◆ AVAILABLE DATA:
#####

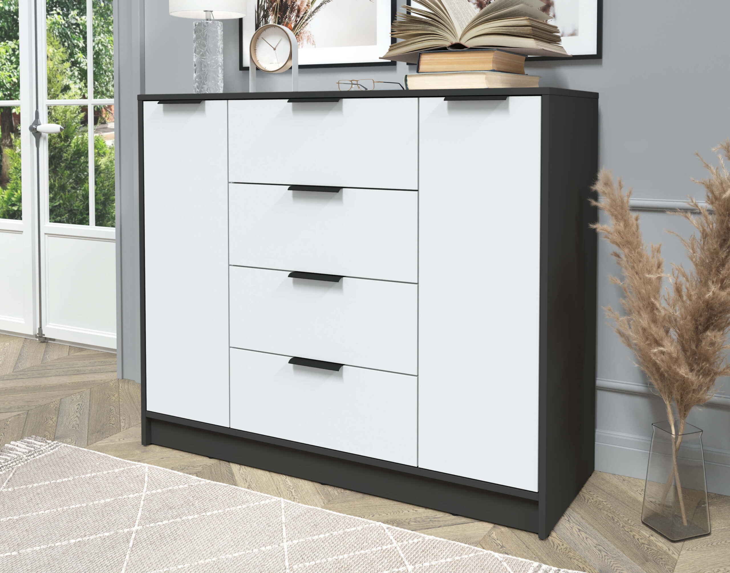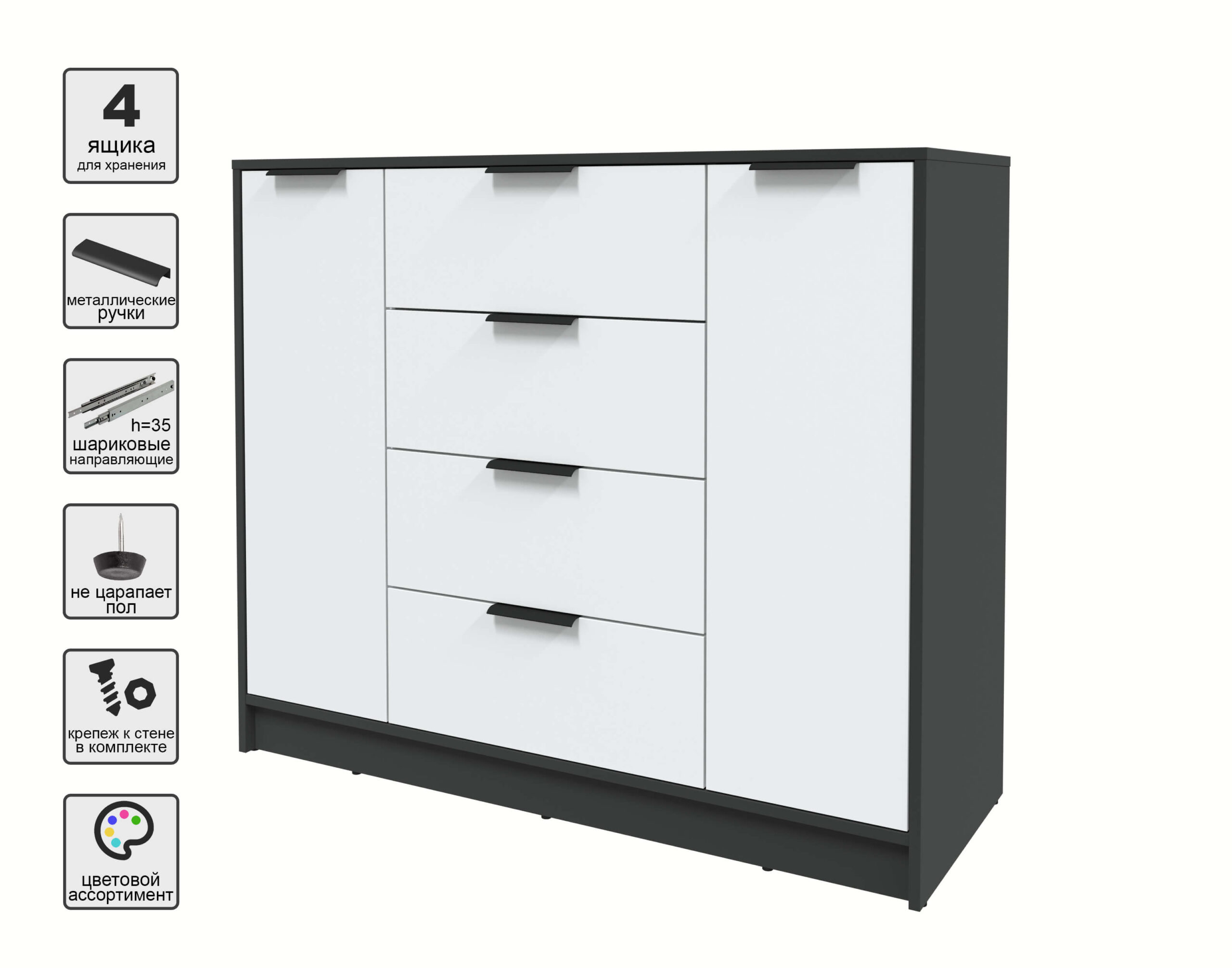 ТУМБА КТ-Т120 (АНТРАЦИТ ЛДСП/ БЕЛЫЙ ПЛАТИНУМ ЛДСП) Ш1200 В1020 Г451 - Yuta.by
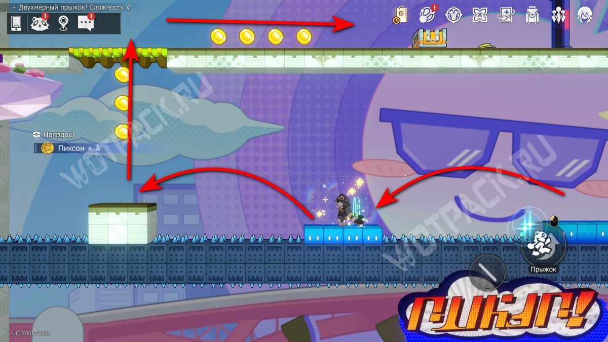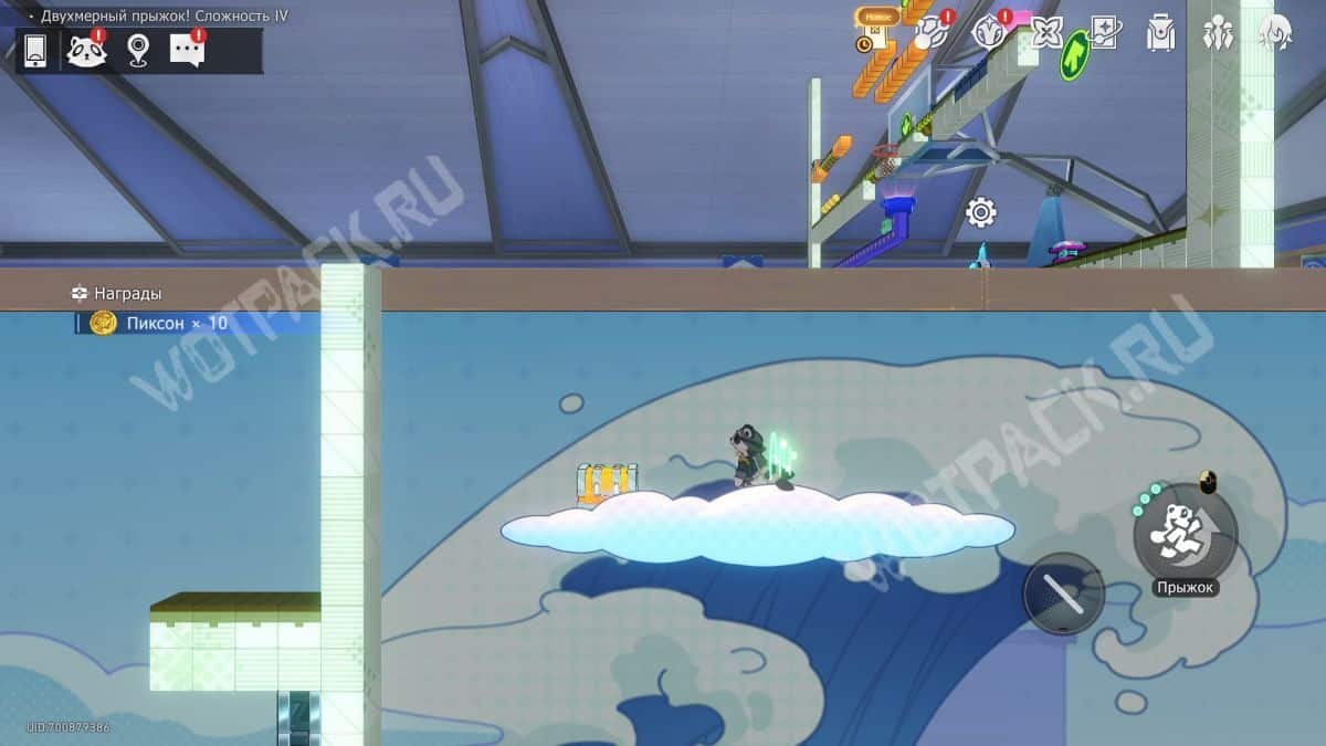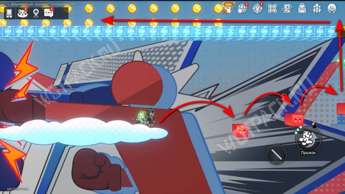 Наверху сверните на зеленую дорожку и дождитесь, когда приплывет облако. Доехав на нем до конца, пропрыгайте по исчезающим кубикам и снова залезьте выше.
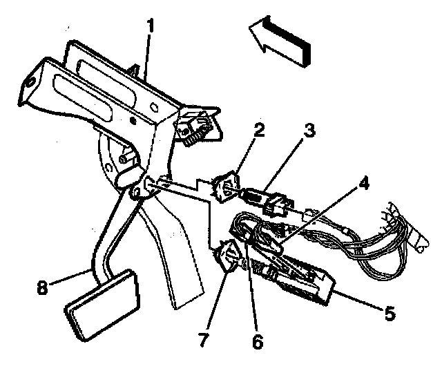 3. Disconnect the brake switch retainer (2), grasping and turning 90 degrees counter clockwise and pulling towards the rear of the vehicle.
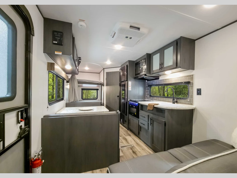 Sleeps 8 Slides 1 Length 31 ft Ext Height 11 ft 1 in Int Height 6 ft 10 in Interior Color Titanium, Tungsten Hitch Weight 836 lbs Dry Weight 6099 lbs Cargo Capacity 1501 lbs Fresh Water Capacity 45 gals Grey Water Capacity 42 gals Black Water Capacity 42 gals Number Of Bunks 2 Available Beds Queen Refrigerator Type 12V Refrigerator Size 10 cu ft Cooktop Burners 3 Number of Awnings 1 LP Tank Capacity 20 lbs Water Heater Type On Demand Tankless AC BTU 13500 btu Awning Info 16' Power w/LED Light Axle Count 2 Number of LP Tanks 2 Shower Type Standard Electrical Service 30 amp Similar Floorplans

#####

◆ DIRECTIONS FOR THIS TASK:
What is needed is an exact retyping of the lines from the start of the data through the line with "3. Disconnect the", with both end lines kept and every picture left out.

◆ RESULT:
 ТУМБА КТ-Т120 (АНТРАЦИТ ЛДСП/ БЕЛЫЙ ПЛАТИНУМ ЛДСП) Ш1200 В1020 Г451 - Yuta.by
 Наверху сверните на зеленую дорожку и дождитесь, когда приплывет облако. Доехав на нем до конца, пропрыгайте по исчезающим кубикам и снова залезьте выше.
 3. Disconnect the brake switch retainer (2), grasping and turning 90 degrees counter clockwise and pulling towards the rear of the vehicle.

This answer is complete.